C++ 标准矩阵乘法算法的运行时间比按比例放大时的预期慢(2^10+ x 2^10+ 元素)

发布于03月23日

我有一个标准的矩阵乘法算法.

// matrix.h

typedef struct Matrix {
    int rows;
    int columns;
    double *elements;
} Matrix;

double *addressAt(Matrix *matrix, int row, int column);
double *rowAt(Matrix *matrix, int row);
double dotProductColumnArray(Matrix *matrix, const int column, double *array);
void mmProduct(Matrix *first, Matrix *second, Matrix *result);

// matrix.c

// Helper function to find address of elements at row and column.
inline double *addressAt(Matrix *matrix, int row, int column) {
    return &(matrix->elements[row * matrix->columns + column]);
}

// Helper function to find row array
inline double *rowAt(Matrix *matrix, int row) {
    return &(matrix->elements[row * matrix->columns]);
}

// Finds the dot product of a column of a matrix and an array.
double dotProductColumnArray(Matrix *matrix, const int column, double *array) {
    double sum = 0.0;
    const int rows = matrix->rows, columns = matrix->columns;
    int j = column;
    const double *elements = matrix->elements;
    for (int i = 0; i < rows; i++) {
        sum += array[i] * elements[j];
        j += columns;
    }
    return sum;
}

void mmProduct(Matrix *first, Matrix *second, Matrix *result) {
    const int rows = result->rows;
    const int columns = result->columns;
    for (int i = 0; i < rows; i++) {
        double *row = rowAt(first, i);
        for (int j = 0; j < columns; j++) {
            *addressAt(result, i, j) = dotProductColumnArray(second, j, row);
        }
    }
}

// Snippet of main.c

// Fills the matrix with random numbers between -1 and 1
void randomFill(Matrix *matrix);

int main() {
    struct timeval timestamp;
    long start, now;
    Matrix first, second, result;
    
    // 2^10
    first = createMatrix((int)pow(2, 10), (int)pow(2, 10));
    second = createMatrix((int)pow(2, 10), (int)pow(2, 10));
    randomFill(&first);
    randomFill(&second);
    result = createMatrix((int)pow(2, 10), (int)pow(2, 10));

    gettimeofday(&timestamp, NULL);
    start = timestamp.tv_sec * 1000 + timestamp.tv_usec / 1000;
    mmProduct(&first, &second, &result);
    gettimeofday(&timestamp, NULL);
    now = timestamp.tv_sec * 1000 + timestamp.tv_usec / 1000;
    printf("Time taken: %ldms\n", now - start);
    
    deleteMatrix(&first);
    deleteMatrix(&second);
    deleteMatrix(&result);
    
    // Same code as above but for 2^11, 2^12, replacing pow() when necessary.
    // ...
    // ...
}

以下是您自己运行它的完整代码: https://gist.github.com/kevinMEH/c37bda728bf5ee53c32a405ef611e5a7个

当我用两个2¹⁰x 2¹⁰矩阵运行该算法时，乘法大约需要2秒.

当我使用两个2¹¹x2¹¹矩阵运行该算法时，我预计该算法会在8*2秒~16秒内将它们相乘.然而，它需要36秒才能进行倍增.

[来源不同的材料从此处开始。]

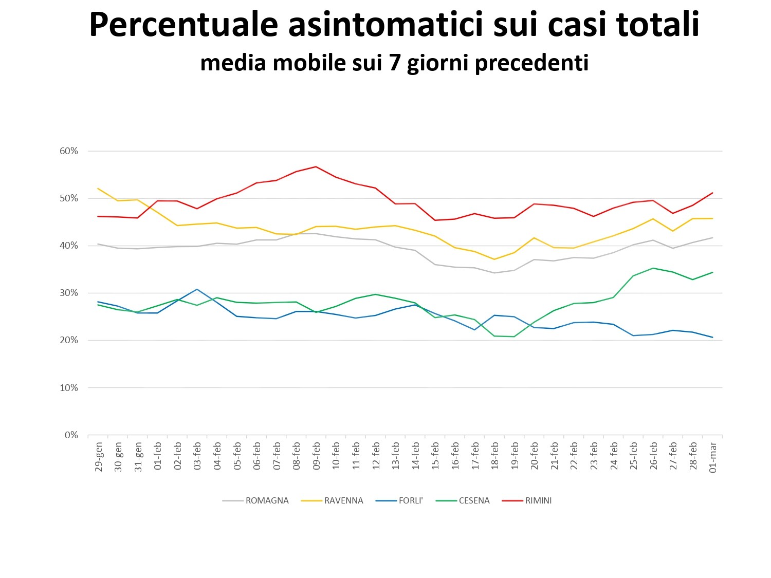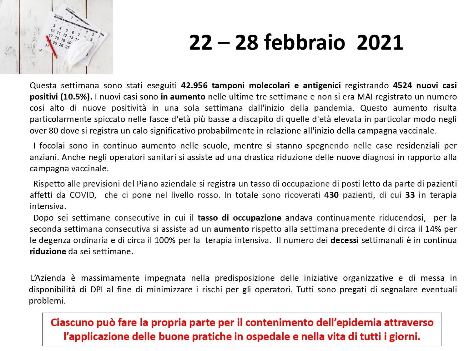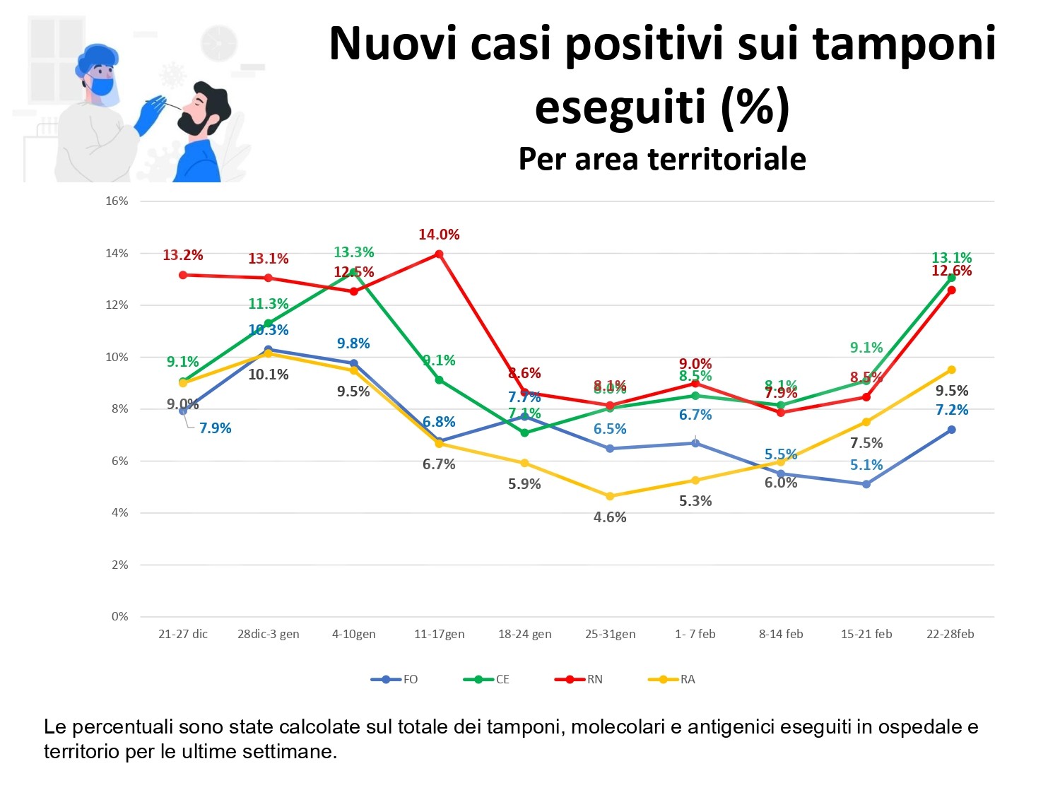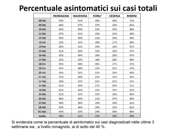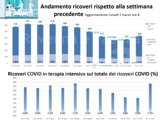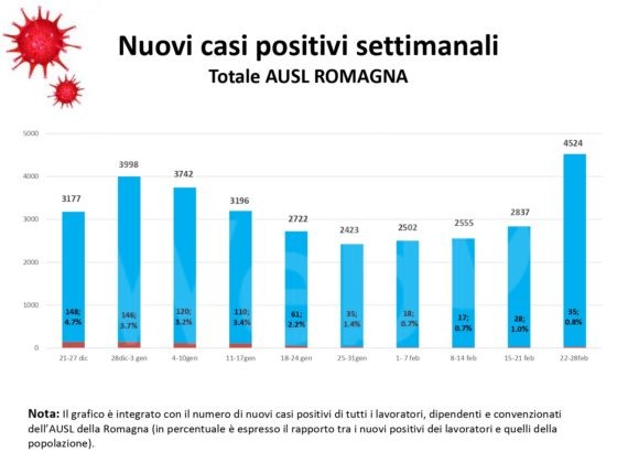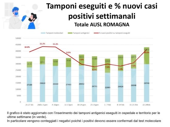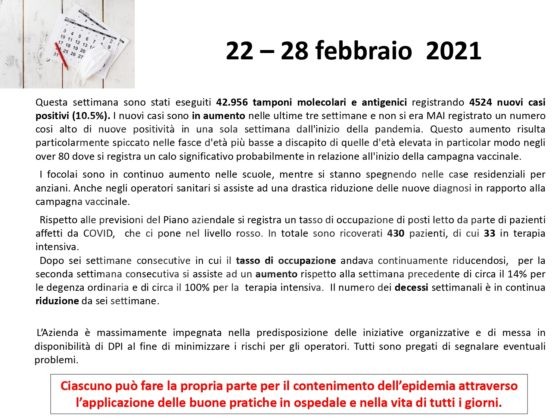Al fine di fornire un aggiornamento rispetto all’evoluzione del quadro epidemiologico dell’infezione da Covid 19 nel territorio romagnolo, su un arco temporale più significativo rispetto alla situazione di una singola giornata, si riportano, in allegato, alcuni dati relativi alla settimana dal 22 al 28 febbraio (precisando che si tratta dei casi di residenti diagnosticati sul territorio romagnolo). Nella settimana di riferimento, si sono verificate 4.524 positività su un totale di 42.956 tamponi eseguiti; si osserva quindi un tasso di positività del 10,5 per cento, evidenziando, in questa settimana, un trend di crescita dei nuovi casi positivi, nel territorio romagnolo. La performance dei tempi di refertazione dei tamponi, entro le 48 ore, si mantiene molto alta, registrando il 99 per cento. Per quanto riguarda l’indicatore relativo alle persone ricoverate, su tutta la Romagna, a lunedì 1 marzo, si registra la quota di 430 ricoveri, con un rialzo di 54 ricoverati rispetto alla settimana scorsa, mantenendo l’azienda all’interno del livello rosso del Piano ospedaliero Covid.

当我使用两个2¹²x2¹²矩阵运行该算法时，我预计该算法将它们相乘所需的时间为64*2000毫秒~128秒.最坏的情况是，我预计8*36=288秒会成倍增加.然而，它需要391秒才能倍增.

(使用Apple Clang 14.0.0和-O1编译，但使用-Ofast并且没有优化，它的伸缩性类似，仍然不是8的倍数，但更高.运行在Apple M1芯片上.)

我很困惑为什么会这样.执行的加法和乘法运算的次数正好是(2ⁿ)³，当我将矩阵的宽度增加2倍时，我预计后续的乘法运算每次只需要2=8倍的时间.

嫌疑人:

addressAt和rowAt帮助器函数是导致速度减慢的原因:这没有意义；加法和乘法的数量按n³zoom ，但调用addressAt的时候仅按n²zoom ，而rowAt的调用仅按n²zoom ，因此我们实际上应该看到速度的相对提高.(8*(n³+n²+n)&gt；8n³+4n²+2n) 我还手动内联了函数，发现没有明显的速度提高，所以应该不是因为函数调用开销.

非正态数:我的随机数生成器得到一个随机的U64，并将其除以2*0x8..0u，得到一个介于0和1之间的数字，因此应该不存在非正态数.尽管如此，在随机填充函数中，我将所有内容乘以100000，结果仍然是相同的.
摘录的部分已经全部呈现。